Passation de pouvoirs aux Distilleries et Domaines de Provence où Alain Robert confie les rênes de l’entreprise à son fils, Antoine. Fleuron de la gastronomie de la montagne de Lure, réputée pour son pastis Henri Bardouin, ses liqueurs et autres spiritueux (Rinquinquin notamment), l’entreprise restera à Forcalquier, l’ancrage local et l’héritage historique sont préservés.
Le Grand Pastis : Combien d’années avez-vous passées à la direction des distilleries et domaines de Provence ?
Alain Robert : Depuis 1980 cela fait 44 ans. J’étais copain avec Jacques, le fils d’Henri Bardouin, depuis 1974. Quand son père, Henri, a voulu tout arrêter, Jacques et moi avons décidé de reprendre l’affaire. En 1980, quand Jacques a voulu se consacrer à d’autres activités, j’ai repris le poste de gérant de ce qui s’appelait alors la Distillerie de Lure.
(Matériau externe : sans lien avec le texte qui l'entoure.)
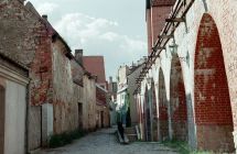 Off the plaza behind St. Peter's Church, the street vendors have already packed up for the "night." In the background is the entrance to Konvent Seta.

En 1987, tout a été vendu à Pernod-Ricard et, 3 ans plus tard, en 1990, j’ai quitté le groupe Pernod-Ricard pour me consacrer pleinement aux Distilleries et Domaines de Provence.
Le G.P. : Quel était l’état de l’entreprise à votre arrivée et comment se porte-t-elle aujourd’hui ?
A.R. : En 1990, nous étions à peu près 17, nous sommes 47-48 aujourd’hui. Aux premières heures, nous faisions un petit chiffre d’affaires, avec moins de 10 millions de Francs par an. Aujourd’hui, nous réalisons un peu plus de 10 millions d’euros par an ; nous sommes une entreprise familiale et on a toujours voulu que les gens s’y sentent bien. J’assume le terme de gestion patriarcale, dans le sens d’une relation de confiance entre tous les salariés, chacun se sentant partie prenante de l’entreprise. La plupart de nos collaborateurs sont très impliqués dans la vie des Distilleries et Domaines de Provence.
Le G.P. : Combien avez-vous de références et le pastis Henri Bardouin reste-t-il toujours la star de la maison ?
A.R. : Nous n’avons guère plus de références qu’au tout début… Entre 14 et 15 recettes, je crois mais je n’ai jamais voulu avoir un catalogue pléthorique ! Et à chaque nouveau produit, nous en avons viré un. Le pastis Henri Bardouin, c’est une star en France qui réalise 75% du chiffre d’affaires de l’entreprise ; on le boit essentiellement dans tous les pays où l’on parle français, soit la Belgique, le Québec mais également en Espagne, en Grande-Bretagne, aux USA et en Allemagne. En Asie, où on lui préfère l’absinthe, le pastis n’est consommé que par les francophones ; à l’étranger, beaucoup d’expats boivent du pastis…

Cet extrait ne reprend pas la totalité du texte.